Без дальнейших сомнений я свернул атласный пояс в ком и отправил его в глубокий карман моего модного болгарского плаща. Кстати, любопытствующий читатель, мог бы удостовериться, положившись на мою правдивость, что карман сей, к этому моменту, был пуст. Да-да, в нём не было ни одного пенса. Всё было проиграно в надежде на какую-то лучшую жизнь. Однако во втором кармане, на самом дне, я нащупал последнюю монету, гипотетически дававшую мне возможность отыграться. Я мог бы даже продлить удовольствие от игры, выбрав какой-нибудь долгоиграющий автомат, где для выигрыша нужно было набрать определённое число очков, гоняя шар в сложном лабиринтном бильярде, или сбивать ракетой летящие на тебя вражеские самолёты, нажимая на кнопку гашетки, торчащую в виде изогнутой коряги перед экраном виртуальных воздушных баталий. Наконец, однорукий бандит мог бы дать мне наслаждение наблюдать за позвякивающим верчением кругов с магическими знаками бананов, груш или арабских цифирь.
 
Я достал монету из кармана, подкинул её вверх и загадал: решка – ухожу, орёл – брошу в рулетку. За орла пусть будет легкокрылый парусник. Выпала голова английской королевы, то бишь решка.
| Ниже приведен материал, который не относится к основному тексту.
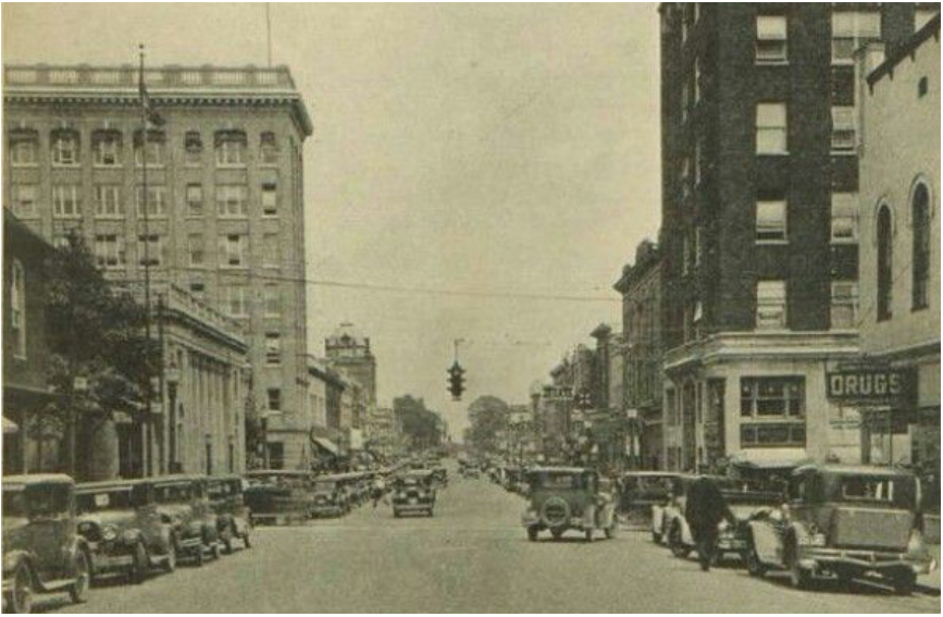
Main Avenue, Gastonia, N.C. circa 1920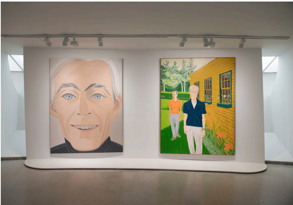
"Edwin" (1972), and "August Late Afternoon" (1973), one of Katz's many paintings inspired by his summer retreats to Maine.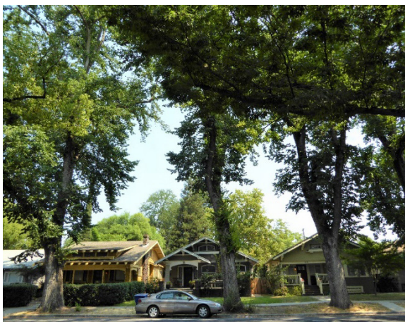
Figure 74. Mature elm trees planted in grassy parking strips create a canopy over Q Street.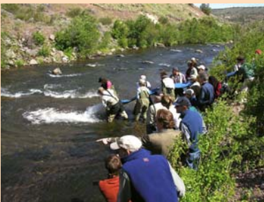
The consultation group on Biological Diversity tours Warm Springs Hatchery and assists in releasing Chinook salmon into Shitike Creek, a historical site for this species.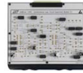
13301 Combinational Logic Circuit Experiment Module (1)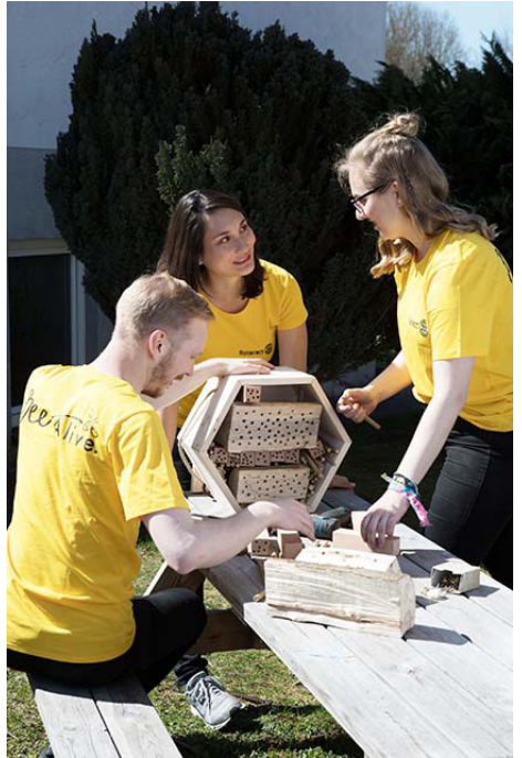
Members of German Rotaract clubs build and install bee hotels near Augsburg, Germany. These structures combat habitat loss and support bees as pollinators.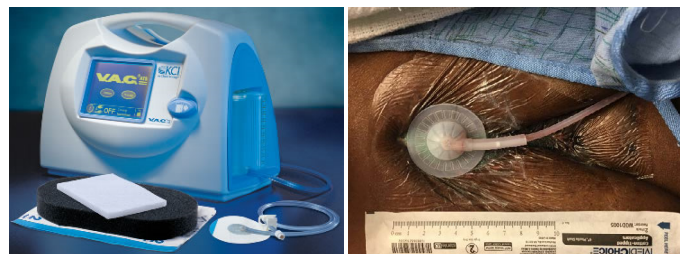
Figure 3. V.A.C.™ System and its clinical application in this case

Sternal wound infection is an uncommon outcome of cardiac surgery and is often divided into two categories: superficial and deep depending on the tissue involved. The superficial infections involve skin, sub-cutaneous tissue and the pectoralis fascia only without involvement of the bone. The incidence of superficial SWI is reported to range from 0.5-8% with a combined morbidity and mortality of 0.5-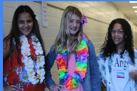
DRESS UP DAYS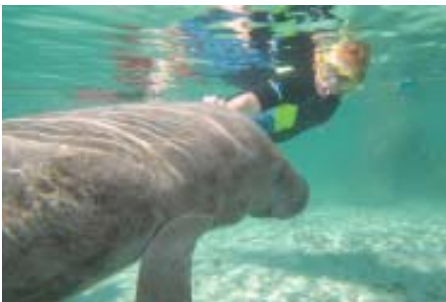
Chwecking out a snorkeler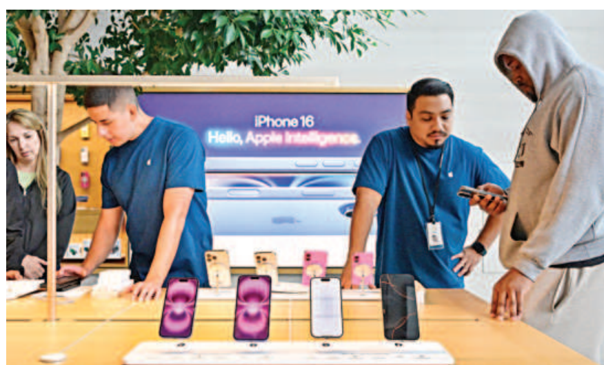
The new Apple iPhone 16 models are on display upon release on September 20, 2024 at the Apple Store at The Grove in Los Angeles, California.

Apple pushed out a software update in mid-January which disabled news headlines and summaries generated using AI that were lambasted for getting facts wrong.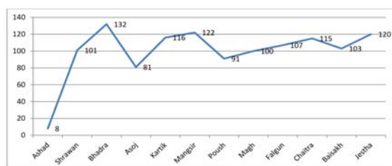
Figure 1. Monthly Trend of Abortion Services. (n=1196)

The total numbers of women of reproductive age were 33151. Total 1196 women have received abortion services and abortion rate was 36.077 per 1000 (15-49 Years women). Most of the women (90%) were more than 20 years of age.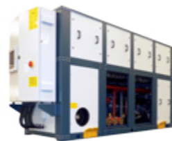
VHH Water cooled chiller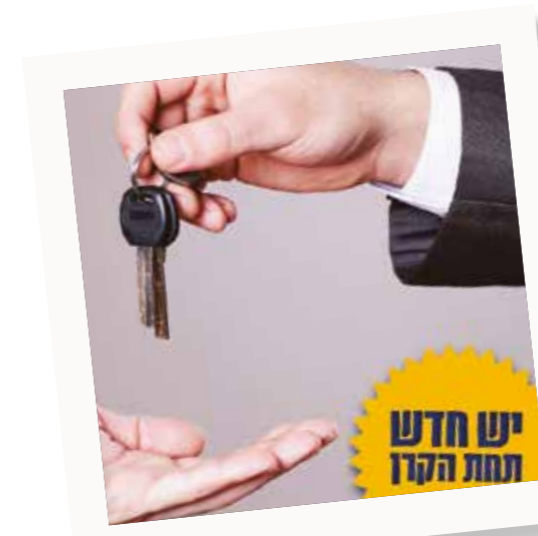
HOUSING POLICY PROGRESS: 25% OF UNITS IN ALL MAJOR BUILDING PROJECTS WILL NOW BE AFFORDABLE, THANKS TO THE EFFORTS OF THE COALITION FOR AFFORDABLE HOUSING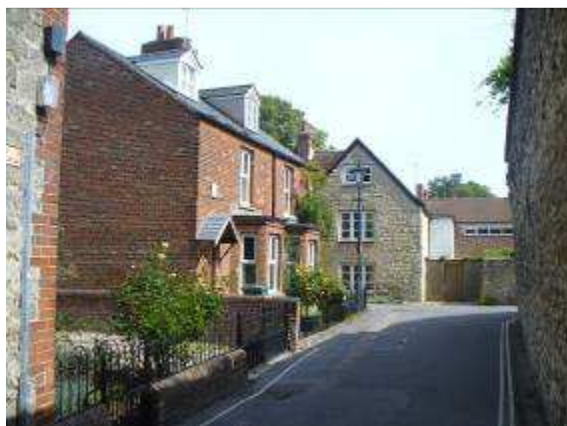
Groups of buildings cluster around narrow lanes at The Croft

metres from the Old High Street entrance, runs through to Osler Road with the grounds of Headington House and Sandy Lodge on its south side. On its north side there is a scatter of development including Victorian semi-detached cottages, older houses of 17 th , 18 th and early 19 th century construction, as well as the small converted chapel of Croft Hall. The side boundaries of properties in the Laurel Farm Close development form a significant portion of the northern side of this path. A side spur also provides access to Osler Road at The Court. West of this point a more continuous frontage of houses and cottages addresses the footpath on its north side. The second, northerly arm running off the main north-south route has a continuous frontage of small cottages and other buildings on its north side but is more open to the south, with some open plots running through to the southerly arm. At its west end this route narrows to an unusual unmetalled green footpath that runs in front of No. 8 The Croft and curves around to the south to join the southerly arm next to Croft Hall.

Но по окружности шла какая-то непонятная надпись: «LESS THAN NOTHING». Меньше чем ничто? Что это может значить? На другой стороне был тот же парусник, но с более коротким изречением: «ALL IN ALL». Всё во всём. Монета без достоинства, но вобравшая в себя все богатства мира.
 
 И понял я лишь, что мне пора уходить. Отсюда можно выйти или опустошённым, что происходит здесь повседневно, или наполненным. Но наполненным не в смысле веса выигранных денег, а в смысле некого прозрения, что здешняя игра, как и здешняя жизнь, бессмысленны и пусты. Примерно тоже самое говорил нам старый шкипер в типичном шотландском пабе. Его нетипичные рассуждения касались, правда, старости и мудрости. Но старость – это венец жизни. Надев его Л.Н. Толстой, к примеру, произнёс, как-то к месту, что нужно жить, а не караулить свою жизнь. А мы всё время караулим её, ожидая нечаянного чуда в виде выигрыша в рулетку, или «прынца» в белых одеждах, который одарит нас всеми благами этого мира. А что тогда значит жить – просто жить? По-видимому – это честно делать своё дело и не думать о вознаграждении, ибо награда, это и есть само дело. Выше и быть не может. А было у меня тогда такое дело? Было! Вот и весь мой выигрыш. Он давно у меня в кармане. И другого искать не надобно.
 
Я плотно сжал в ладони оставшийся медяк с необычным буквенным тиснением и гордо прошёл и мимо рулетки с трескучим вертящимся кругом, и мимо мини ипподрома с не устающими от постоянных забегов лошадками, и мимо бильярда с карамбольными отскоками шарика, мечущегося в лабиринтах причудливых улиц игрального поля. Я покидал места увеселений больной мятущейся души без сожалений, налегке, оставив свой скудный валютный заработок какому-то невидимому богатому дяде. Пусть будет он ещё богаче. Деньги идут к деньгам. Это его дело – зарабатывать на дураках. На них, как известно, мир держится.
 
– А если выиграл? – спросит настойчивый читатель.
 
 – Если выиграл, тем более уходи, – отвечу я, уже умудрённый опытом абсолютного проигрыша, – у тебя тогда будет возможность купить хотя бы цветы для возлюбленной, или пачку сигарет, если имеете пагубную привычку дымить табачным листом, или, на худой конец, белые териленовые штаны, чтобы не отличаться от жизнерадостных «кариока» на берегу залива Гуанабара, где стоят ветвистые фикусы и стройные пальмы, совсем не похожие на «растущую» над рулеткой в игральном зале американского павильона в маленьком патриархальном городке Абердин. А лучше всего сделать это на свои кровные.
 
И напоследок, долготерпеливый мой читатель, скажу лишь, что история сия правдива настолько, насколько Вы в неё поверили. И лишь автор оставляет за собой право сказать, что всё здесь истинная правда, за исключением, может быть, тех незначительных подробностей, которые как раз и кажутся наиболее правдивыми.